Tradition has it that the “People of Sous” were driven from their homes by seven years of uninterrupted rain, or perhaps thick fog or some other calamity. Before leaving, they buried their riches on site, taking the precaution of noting the exact location on a parchment. Even today, Soussis still arrive in the country armed with clues that they believe will enable them to recover their ancestors' treasures.

== History ==
The current country of the Ghomara is very small compared to their original territory. They seem to have occupied vast lands on either side of their current domain; thus Yulian (Count Julien), who held Sabta (Ceuta) on behalf of the Visigoths, was, in the eyes of Ibn Khaldoun, a Masmoudian prince. Conversion to Islam did not come without difficulty. The development of Kharijism among the Berbers and the wars that followed, then the decline of the Idrisid dynasty, facilitated the infiltration of the Zenatas, who became masters of the peripheral cities: Sabta, Tangier, and Fez. Conflicts between Masmouda and Sanhaja facilitated the Almoravid conquest. In 1067, Yousouf ben Tachfin occupied the Ghomara region and, two years later, seized Fez; during the assault, 3,000 Zenatas were massacred.

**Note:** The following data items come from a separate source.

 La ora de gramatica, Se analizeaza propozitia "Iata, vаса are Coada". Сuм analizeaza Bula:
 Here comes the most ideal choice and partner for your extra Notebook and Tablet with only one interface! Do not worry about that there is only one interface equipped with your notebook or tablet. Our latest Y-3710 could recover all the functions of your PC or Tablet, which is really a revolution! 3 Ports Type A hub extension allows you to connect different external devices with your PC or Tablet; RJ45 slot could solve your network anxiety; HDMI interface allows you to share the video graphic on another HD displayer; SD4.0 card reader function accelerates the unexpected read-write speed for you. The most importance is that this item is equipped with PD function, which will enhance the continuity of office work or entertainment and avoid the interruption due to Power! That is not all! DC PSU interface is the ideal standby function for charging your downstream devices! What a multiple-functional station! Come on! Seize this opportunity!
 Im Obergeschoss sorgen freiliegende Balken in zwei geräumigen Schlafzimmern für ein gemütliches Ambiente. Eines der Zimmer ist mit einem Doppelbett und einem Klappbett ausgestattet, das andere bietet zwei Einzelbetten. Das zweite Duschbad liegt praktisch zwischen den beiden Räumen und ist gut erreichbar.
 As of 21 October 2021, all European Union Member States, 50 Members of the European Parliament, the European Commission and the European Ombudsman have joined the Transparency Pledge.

Further east, as early as the 8th century, the land of Nekkour, which stretched to the Ghomara Sanhadjian domains, had been conquered, according to tradition, by Saïd ben Idris ben Saleh. Defeated, the Rif Berbers embraced Islam, which was preached to them by Saleh ibn Mansour, an Arab of Himyarite origin. Like so many other Maghrebis, the Ghomara and the Sanhadja soon renounced the new religion; they drove out Saleh and took as their leader an adventurer from Nefza, Dawoud er-Rondi. El-Bekri tells us that, shortly afterwards, they converted again, put Dawoud to death and recalled Saleh, whose nephew and successor, Saïd ibn Idris, founded Nekour. This city developed rapidly thanks to its relations with the Iberian Peninsula, but its renown attracted a raid by barbarians (Normans), who plundered it in 859. Saïd's long reign was further troubled by the revolt of a group of Berbers commanded by a certain Seggen.

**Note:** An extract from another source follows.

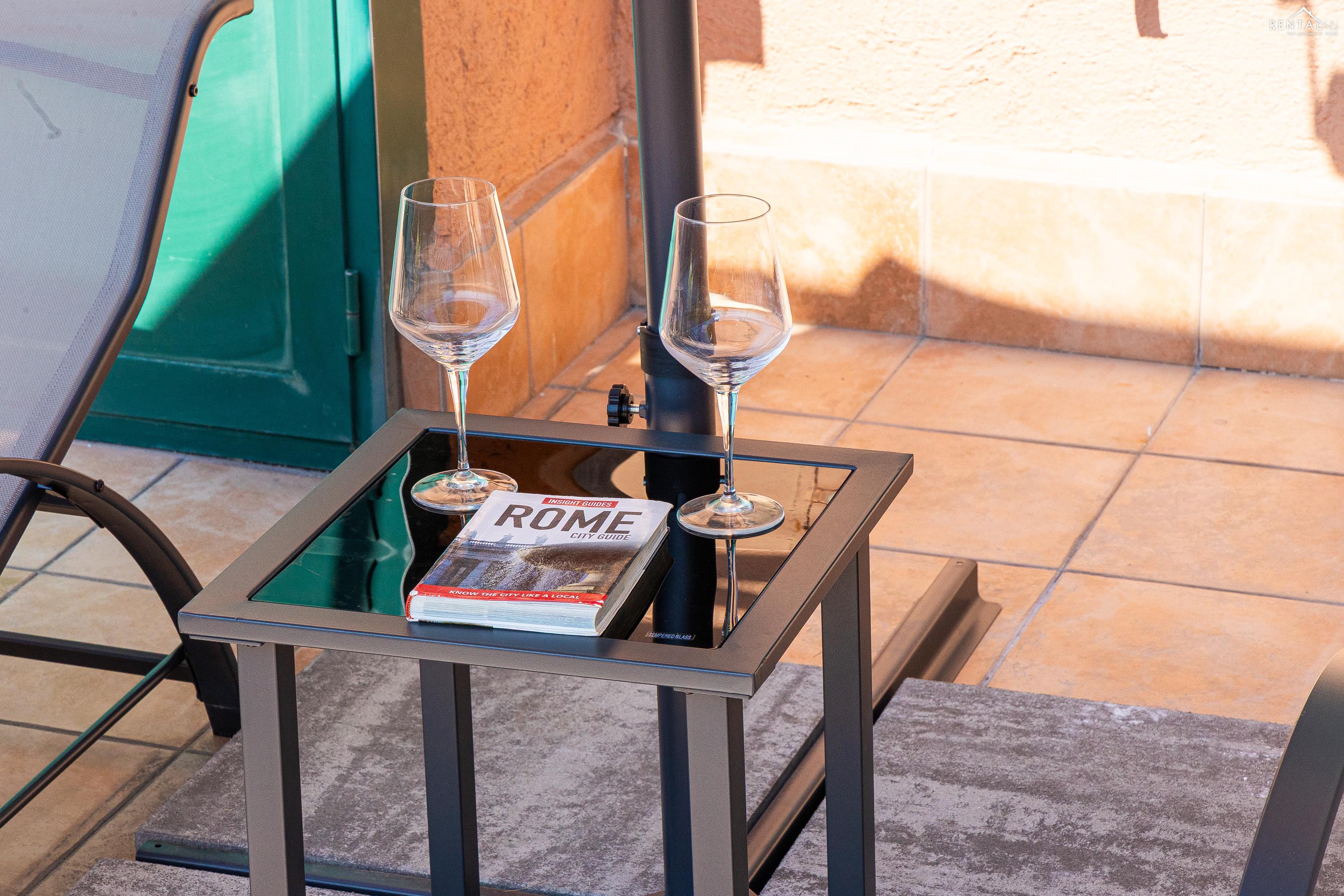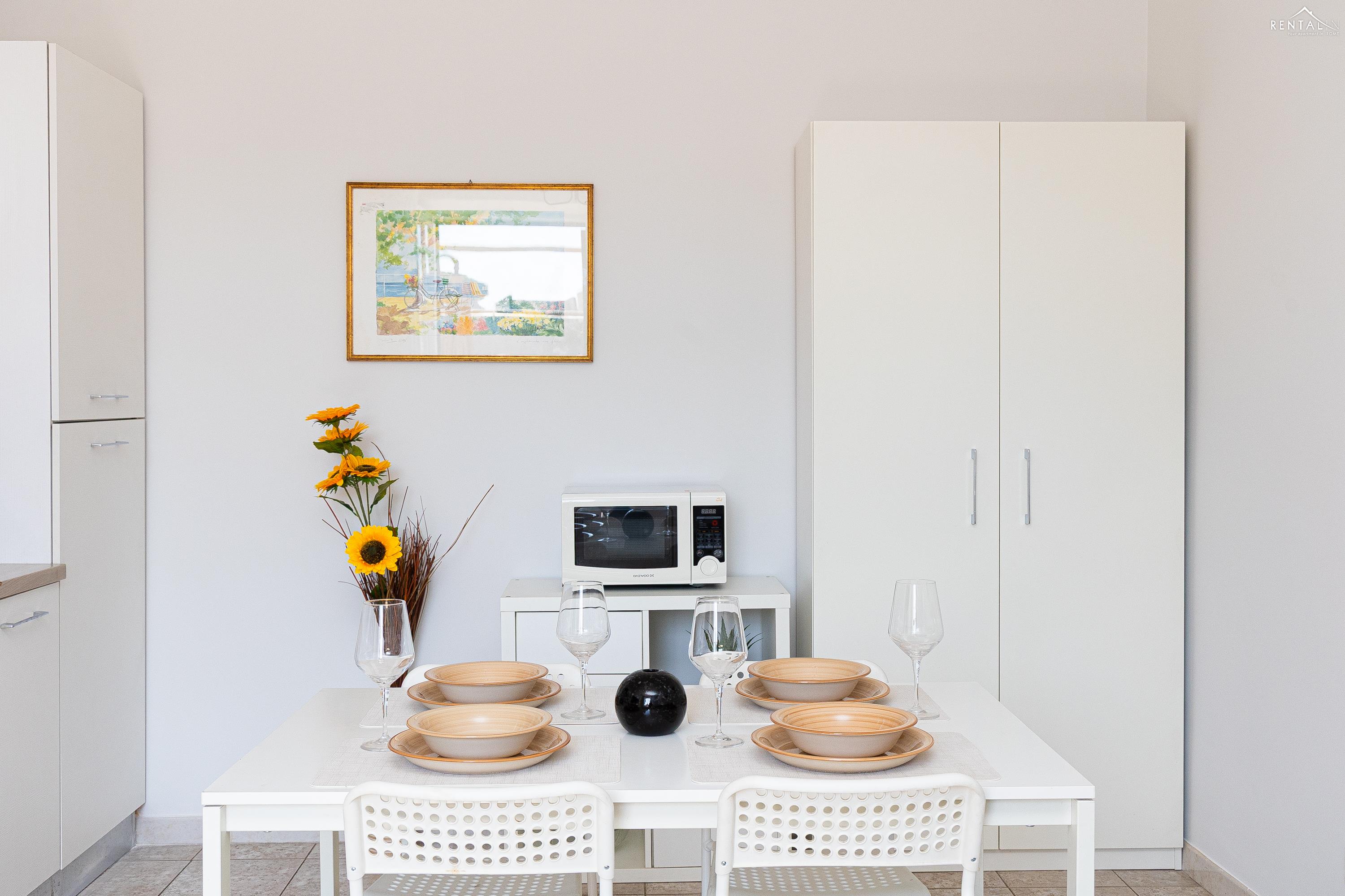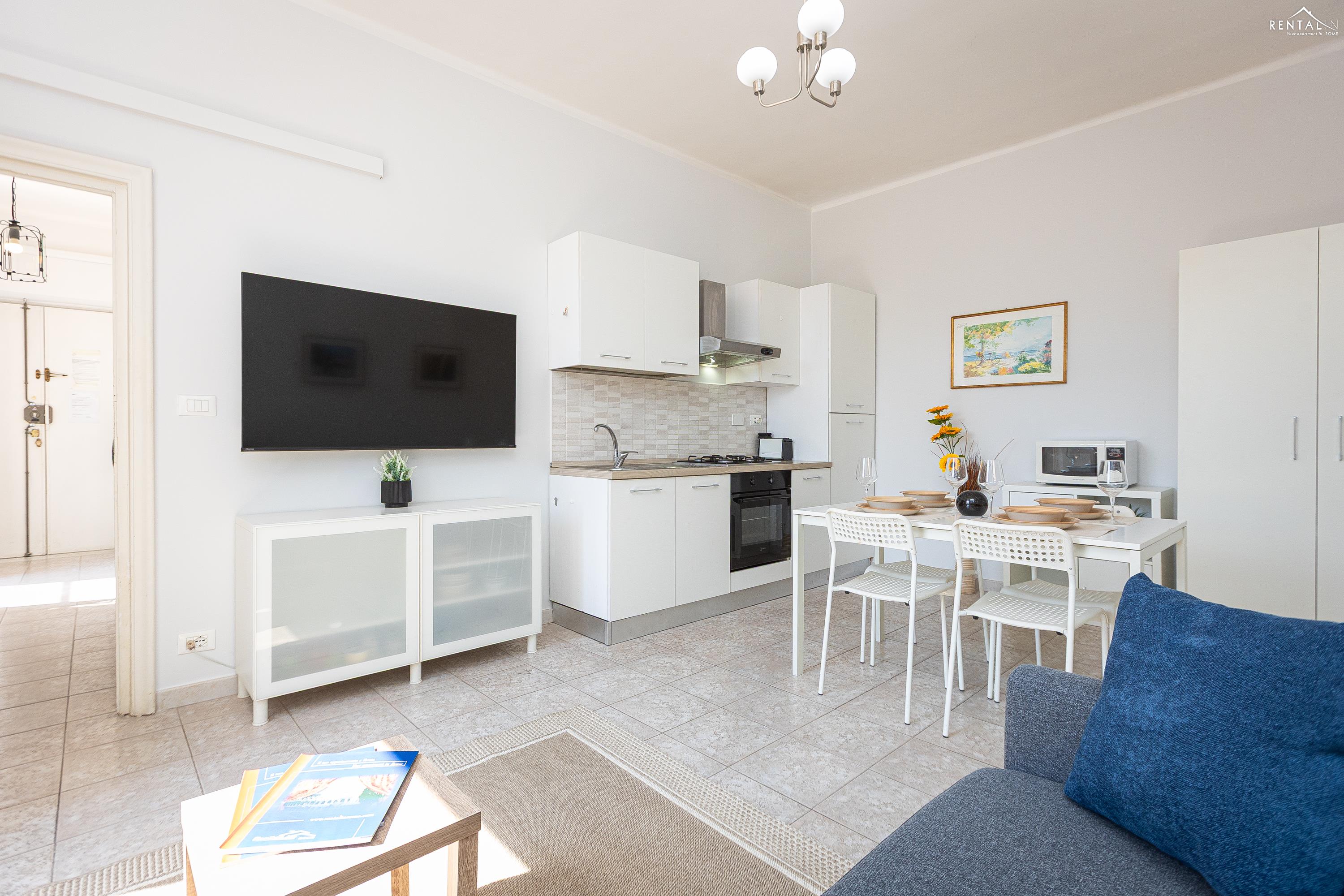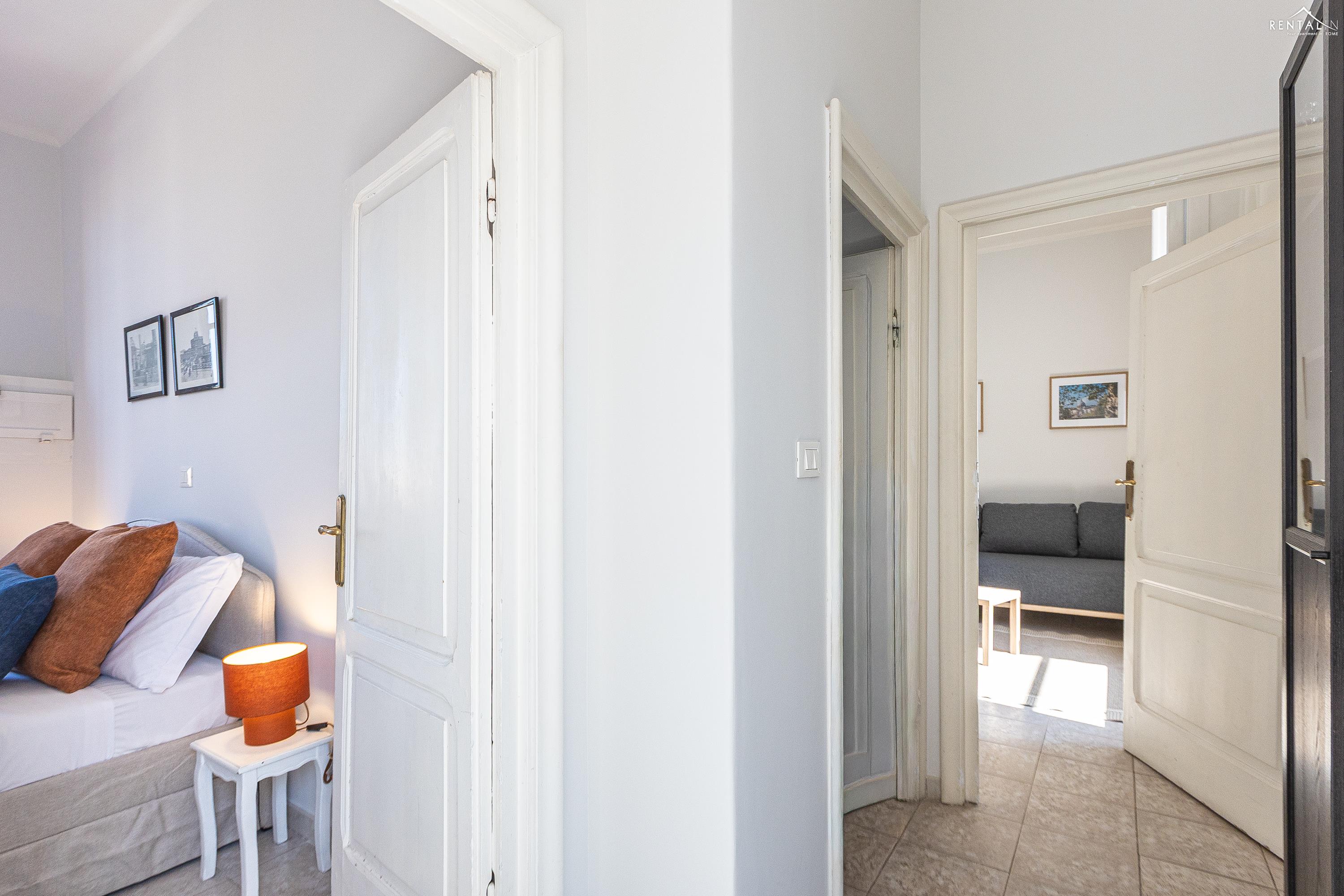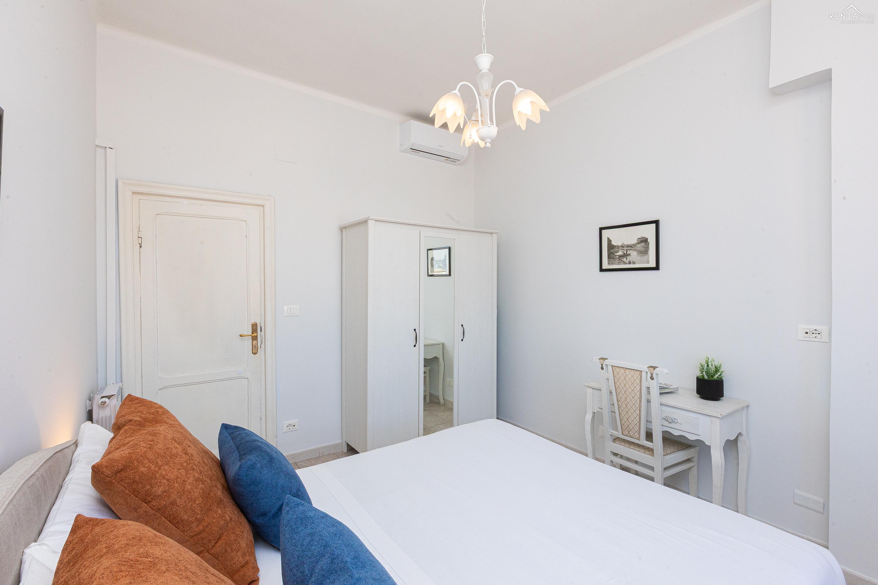 Gezellig appartement op de zevende verdieping van een gebouw met lift in Via la Goletta, in de elegante wijk Prati, op korte afstand van Sint Pieter Basiliek en de Vaticaanse Musea. Het is ingericht op een manier die modern en functioneel combineert en bestaat uit een slaapkamer met tweepersoonsbed, een woonkamer met een slaapbank en een keuken met moderne apparatuur, een badkamer met douche en een groot terras, ideaal om buiten te eten of te ontspannen de zon met een prachtig uitzicht over de daken van de stad en de koepel van de Sint Pieter. De voorzieningen zijn WiFi, een lcd-tv, een wasmachine en een kluisje. De centrale ligging met goede bereikbaarheid met het openbaar vervoer (metrolijn A Cipro is dichtbij) maakt het bij uitstek geschikt voor een aangename vakantie in de Eeuwige Stad.

At the beginning of the 10th century, the Ghomara country and neighboring regions experienced a religious upheaval that began in the tribe of Majkasa, near Tetouan, where a preacher nicknamed Ha-mim proclaimed himself a prophet and proposed to reform the Quran and Islamic practices. He reduced the duration of fasting during the month of Ramadan; but his followers had to fast every Thursday and Wednesday until noon; likewise, the daily prayers were reduced to two, one at sunrise and the other at sunset. He abolished the pilgrimage and allowed the consumption of pork, while eggs of all kinds of birds were prohibited. In the profession of faith and the prayers he proposed, his paternal aunt was mentioned, a fortune teller and magician known by various names: Tanguit, Tayfik, Tanant. The unrest that accompanied Ha-mim's preaching quickly turned into open struggle against the established powers. Ha-mim was defeated and put to death among the Masmouda neighbors of Tangier in 928.

==Bibliography==
- G. Camps & J. Vignet-Zunz, "Ghomâra", Encyclopédie berbère, vol.20, 1998, pp. 3110–3119
- Jamal el Hannouche, "Arabic influence in Ghomara Berber", Leiden University, 2010.

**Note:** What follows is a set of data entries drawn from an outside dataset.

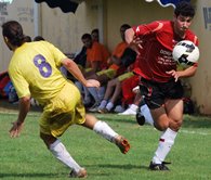 טפר(בצהוב)מכשיל את סרסור וגורם לפנדל.(צילום:אמיר דבי)
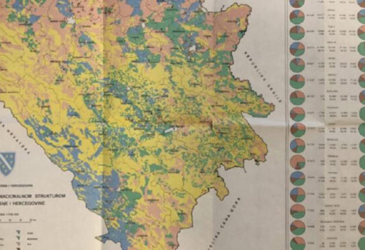 Ovako koncipirana zemljišna karta pruža uvid u teritoriju Republike Bosne i Hercegovine, naseljenost stanovništva po nacionalnosti, te zajednički prostor općedruštvene (državne) svojine.
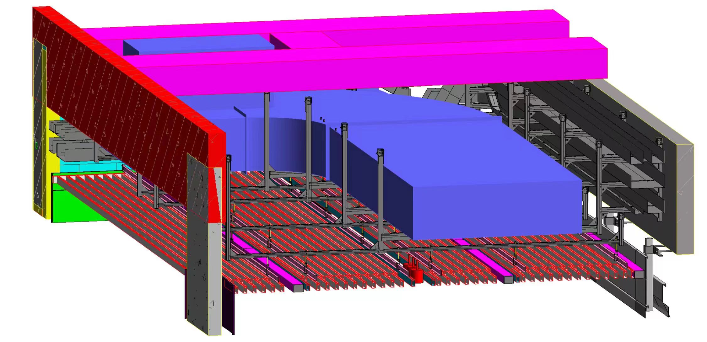本工程分三個(gè)標(biāo)段,合計(jì)總建筑面積為56.1萬㎡,建筑最高高度34.8m,其中一、三標(biāo)段為多層大跨度鋼結(jié)構(gòu)廠房。眾所周知,對(duì)于鋼結(jié)構(gòu)廠房支架設(shè)計(jì)一直是行業(yè)內(nèi)的難題。華固充分利用BIM技術(shù),自主研發(fā)的成品
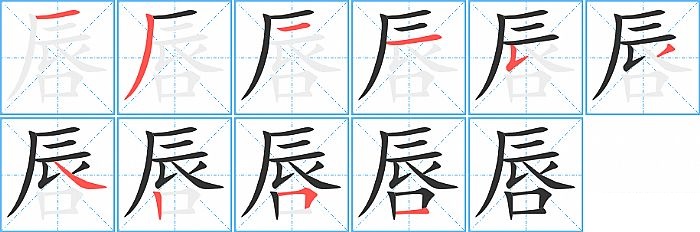 《唇》字的笔顺分步演示图(一笔一画写汉字)

- Jamal el Hannouche, "Ghomara Berber, a brief grammatical survey", Leiden University, 2008.
- Peter Behnstedt,"La frontera entre el bereber y el árabe en el Rif", Estudios de dialectología norteafricana y andalusí vol. 6, 2002.
- Georges Séraphin Colin, "Le parler berbère des Ghomara", Hesperis 9, 1929, pp. 43–58.
- AL-MUQADDASÎ, Description de l’Occident musulman au IVe-Xe siècle, trad. Ch. Pellat, Alger, 1950.
- EL-BEKRI, Description de l’Afrique septentrionale. Trad, de Slane, Paris, Adrien-Maison-neuve, 1965.